Hi! My name is Scarlett, I'm new here. I'm a 20-year old cat mom with 2 boys. Freshy is my 2 1/2 year old buff tabby adopted from a local shelter, and Peanut is my year old brown tabby that a client at one of my jobs had found tucked in her car engine one rainy, cold october night. I have a human baby on the way next month, and am happily married to my husband Danney.

I've been a veterinary technician for about 2 years now, although I'm taking a break from work until I have the baby.
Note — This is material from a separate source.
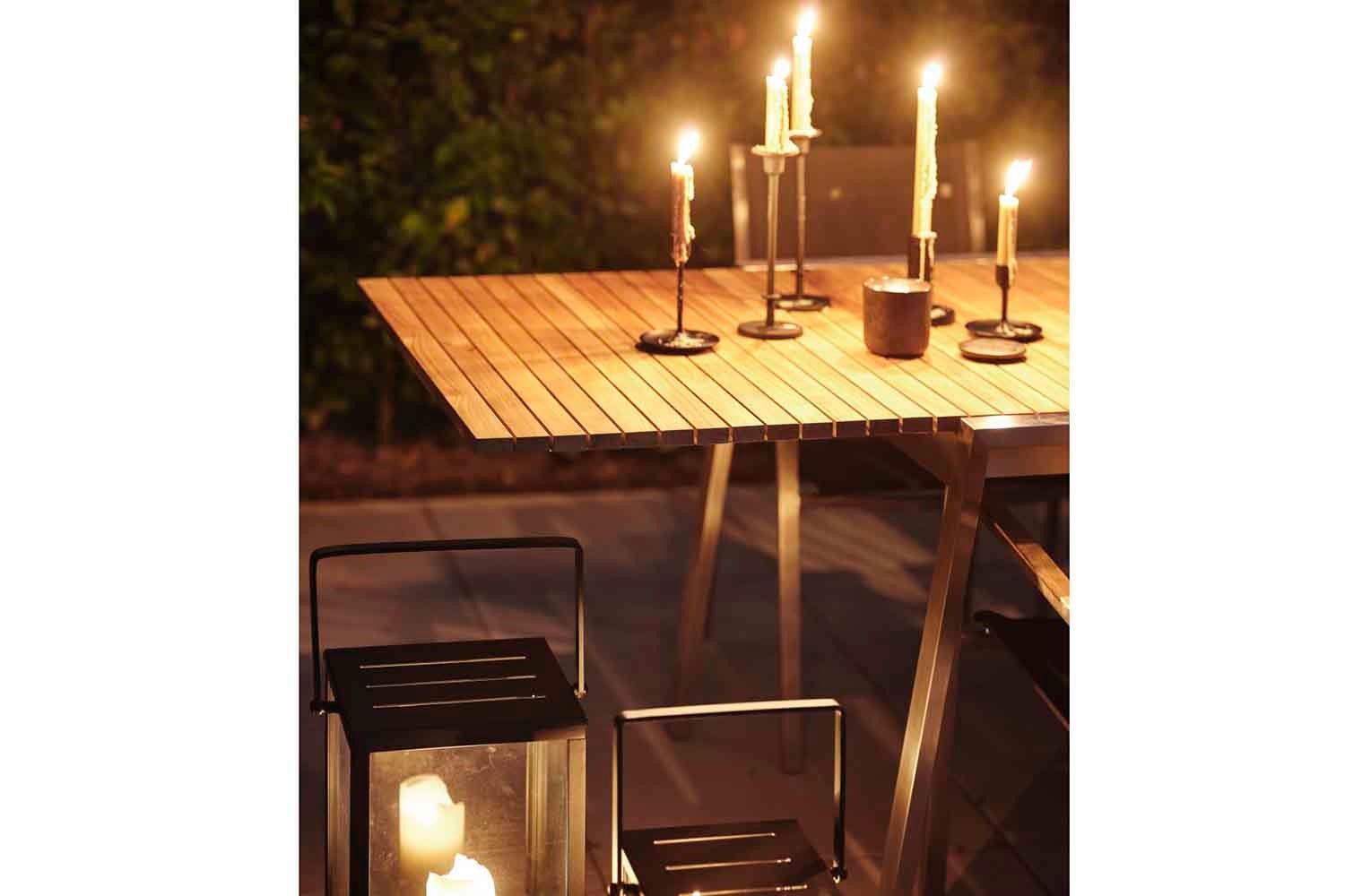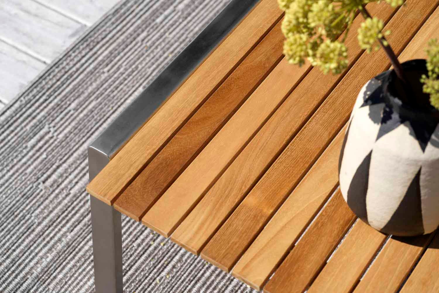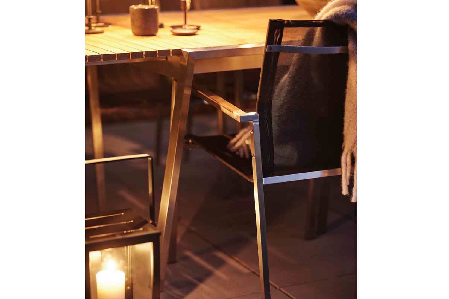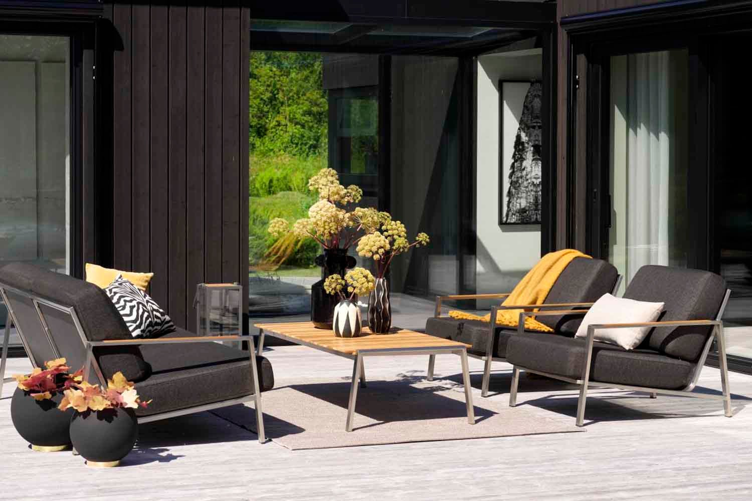 Rena linjer och tidlös design i en modern tappning. Den låga sitthöjden förstärker känslan av modern loungestil. Blandningen av material är spännande: rostfritt stål (316) och teakdetaljer på armstöden och bordsskivan. Riktigt sköna dynor av högdensitetsskum med klädsel av fodrat olefintyg som gör dem vattenavvisande. Det här är en sittgrupp med snygga detaljer och vinklar.

I've worked with animal rescue organizations and feral cat trap and release in the past. I don't really know what else to say about myself but...nice to meet everyone!


----------



## jessamica8 (Aug 17, 2004)

Nice to meet you too; welcome to the forum!


----------



## marie73 (Jul 12, 2006)

Welcome! We'd love to see pictures.


----------



## chaoticborders (Nov 27, 2006)

Welcome!!


----------



## Jeanie (Jun 18, 2003)

Hi, and welcome, Scarlett!


----------



## Leazie (Apr 14, 2007)

Welcome and congratulations on the up coming baby!!


----------



## DesnBaby (Apr 18, 2004)

Scarlett!  Pictures would be great. :wink:


----------



## kitkat (Sep 22, 2003)

Welcome to Cat Forum Scarlett :wink:


----------



## dmcwlvssr (Apr 24, 2005)

Hello and Welcome to you and the fur gang


----------



## MaxZmom (Feb 21, 2007)

Hello and Welcome to the forum. Nice to me you! Can't wait to see pics of your 2 boys. Happy Posting!


----------